Once my grandma was admitted under the ESI benefits, the tone changed. For the first time, the doctors started telling us what they were actually doing. They referred her for a PET scan and a CT scan, which finally felt like real steps. When the results came, even though nobody could yet say exactly what the lump was, we did know one thing: it wasn’t spreading. There was no metastasis. That single fact, that it hadn’t gone anywhere else, was our first breath of relief in months.
Still, every oncologist and ENT surgeon who saw her said the same thing in different words: the mass had to be removed. Only then, with a full biopsy, could they tell us exactly what it was and how to treat it. That was the final decision from all the scans: take it out first, ask questions after.
By now, life at home had become unbearable for her.

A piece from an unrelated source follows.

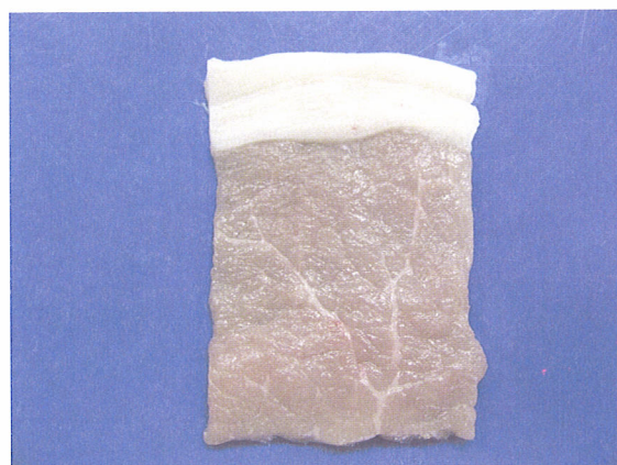
写真4 食味評価用サンプル

試験 2 の LWD の対照区と 20%区の 2 つの豚肉を比較する食味評価を「食肉の官能評価ガイドライン」 7) を参考に当研究所の職員 24 人で実施した．食味評価サンプルは，第 12 胸椎部位から最後胸椎部位の胸最長筋と背脂肪を冷凍貯蔵後，冷蔵室で 4℃，24 時間で解凍．厚さ 3mm×4cm×5cm(背脂肪 1cm+ロース肉 4cm)に整形し(写真 4)，1.5%食塩水に 10 分間浸漬し，表面の水分を除去した後，200℃に設定したホットプレートにて表面を 30 秒，裏面を 25 秒加熱し供試した．評価方法は試験区を伏せた状態で豚肉 A(対照区)を基準に豚肉 B(20%区)の食味を-2 から+2 の範囲で採点する方法で行った(図 1)．評価項目は「香りの良さ」「柔らかさ」「ジューシーさ」「甘みの強さ」「脂の滑らかさ」「総合評価」の 6 項目で，各評価項目について評価者全員の点数の平均値を評価点とした．

The lump had grown so large that everyone stared. She could feel it pressing against her jawline. Speaking became difficult. Even going to public functions was a torment because people always asked what was wrong, and she didn’t even know what to say. She would sit and whisper to us, “Why this, at my age? Why do I have to suffer like this? Why is it growing?” again and again. It had started as something she thought was a small cold sore or cyst, and now no scarf or collar could hide the swollen glands bulging from her neck.

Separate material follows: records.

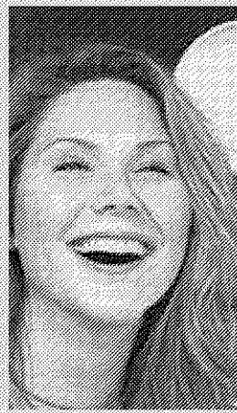
Erika Lust.

En esa línea, Lust publicó a finales de 2008 Porno para mujeres . Una suerte de biblia iniciática de cine X para neófitas. “Si las mujeres participamos en el discurso de la pornografía, podremos explicar a los hombres nuestra sexualidad de manera muy explícita”, explicó Lust a ADN.es. “Antes sexo era sinónimo de algo sucio. Ahora, puede ser algo chic”.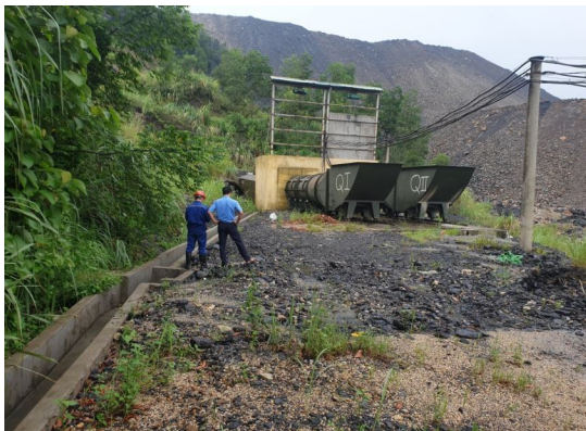
Hình 2. Hình ảnh chung trạm quạt FBDCZ- No22, mức +35 m

- Chất lượng thông gió của các lò chợ và lò chuẩn bị cơ bản đáp ứng yêu cầu, ở một số lò chợ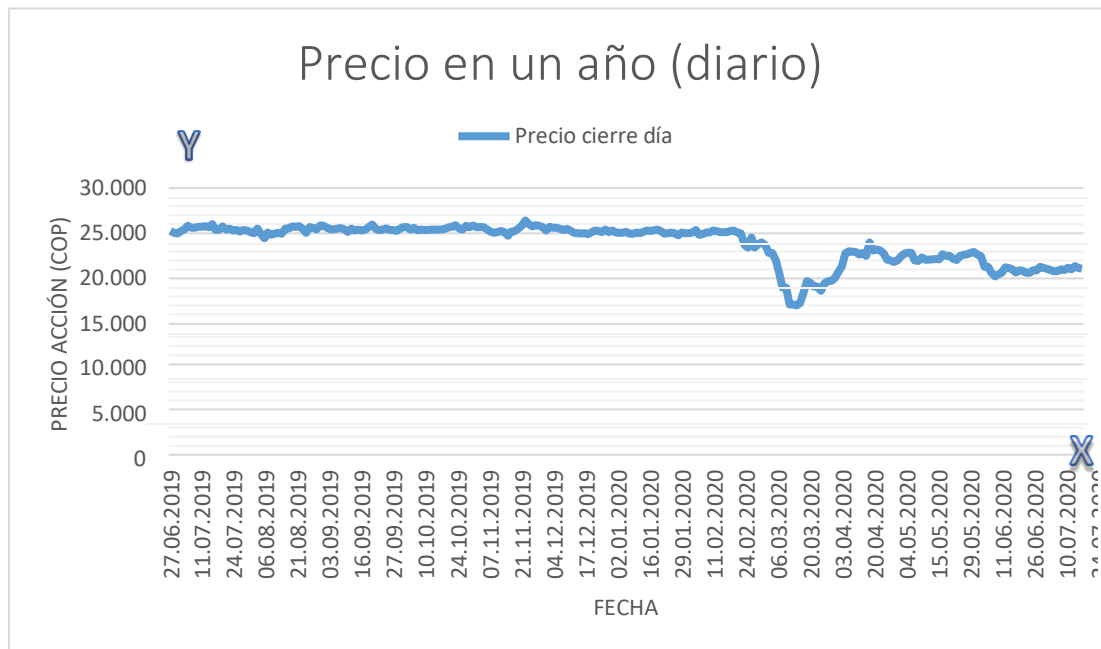
Gráfica 1: Precios de la acción en un año.

crisis por el coronavirus. A continuación, se verán un poco más a fondo algunas gráficas que permiten comprender mejor los movimientos del precio de la acción en el mercado.

Along with the swelling, there were symptoms like hypertension, discomfort, and difficulty speaking. Yet, after the ESI referrals, at least we had some answers. The doctors were cooperative and clear. I remember sitting in one of those sessions with the oncologist. He said the lesion on the left side of her thyroid cartilage measured about 4 to 6 cm. It had been swelling for at least six months. The only option was a total thyroidectomy. He couldn’t tell if it was benign or malignant yet, but he did say the word “cancerous.”
She had been on hypertension medication for 15 years, and even now her blood pressure swung wildly. But at least, for once, we weren’t lost in a maze of guesses. The oncologist noted there was no pallor, no icterus, no cyanosis, no clubbing, no lymphadenopathy, and no edema. We held on to every one of those “no’s” like they were lifelines.